Start of Source records
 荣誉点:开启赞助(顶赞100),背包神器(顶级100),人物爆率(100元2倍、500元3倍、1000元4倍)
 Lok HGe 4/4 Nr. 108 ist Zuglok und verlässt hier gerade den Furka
End of Source records
Start of Source records
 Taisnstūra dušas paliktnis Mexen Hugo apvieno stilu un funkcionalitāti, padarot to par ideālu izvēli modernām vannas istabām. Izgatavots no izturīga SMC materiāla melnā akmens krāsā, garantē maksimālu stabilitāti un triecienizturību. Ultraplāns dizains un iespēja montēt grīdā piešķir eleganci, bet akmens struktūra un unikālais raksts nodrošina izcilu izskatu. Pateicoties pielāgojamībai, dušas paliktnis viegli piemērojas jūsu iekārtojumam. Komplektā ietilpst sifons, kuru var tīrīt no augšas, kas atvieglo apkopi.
End of Source records
> [Your goal]: Every line above from the line with "荣誉点:开启赞助(顶赞100" to the line with "Lok HGe 4/4" is wanted, ends included; write them out exactly and add no other line.

> [Answer below]:
 荣誉点:开启赞助(顶赞100),背包神器(顶级100),人物爆率(100元2倍、500元3倍、1000元4倍)
 Lok HGe 4/4 Nr. 108 ist Zuglok und verlässt hier gerade den Furka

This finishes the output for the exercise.